We regularly really feel like our coaching alone takes up a lot time that we shouldn’t ask for something extra. However constantly I hear (and have skilled) my athletes say that nothing gave them an even bigger increase than coming upon a good friend, husband or little one in the course of the race.

Whether or not you cease for a hug or simply know they’re there rooting you on, it places some additional oomph in your step if you is perhaps able to decelerate.

Ship them these nice race signal concepts >>

Mistake 8: Not Prepping Mentally

First up is getting settled by yourself race plan and never permitting your self to be swept up within the begin line pleasure, pushing your tempo.

As a substitute, don’t fear about these passing you initially by specializing in the long run with concepts like “I’ll pace up on the midway level, if I nonetheless really feel good”.

In longer races (half and full marathon or extremely occasions), feelings and fatigue play a serious position in deciding how you’ll really feel crossing the end line.
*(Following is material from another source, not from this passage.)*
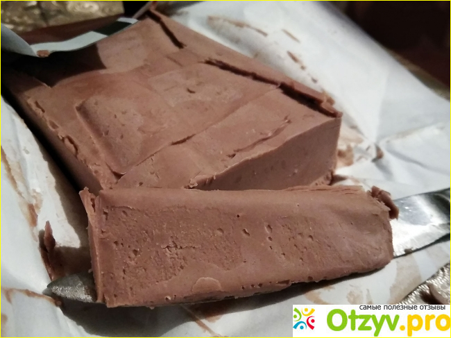 Пахнет ванилью и выпечкой, как вафелька от мороженого, такое ощущение. Режется легко, не крошится. Хотя было замороженное. Однородное по консистенции, но матовое по цвету, хотя по указанному ГОСТ 32899-2014 должно быть блестящим, а также какао 2,5%, сахарозы 15% (таблица 2). Но в составе указан сахар, хотя можно и без него или со сниженной калорийностью изготавливать (таблица 3, пункт «подсластители»). Это вкусовой компонент по пункту 5.2.2.2.

Highs and lows are virtually inevitable, however within the low moments switching to concrete issues similar to your operating kind will help carry you again to the second and assess the way you’re actually doing.

For me it’s additionally been studying to embrace discomfort…exhausting, however worthwhile!

“Chances are you’ll suppose that consolation results in happiness. It doesn’t.
Happiness comes from development and feeling like you’re making progress.”
– Michael Hyatt

Just a few different psychological race day ideas:

  • Follow gratitude in the course of the race – reaching to say thanks will completely assist pull you up
  • Bear in mind that is alleged to be enjoyable!!!
  • Take a second to connect with a runner round you, generally the shift in perspective is all you want
  • Begin utilizing mantras – they work!

Searching for extra marathon preparation:

What race day errors have you ever realized the exhausting means?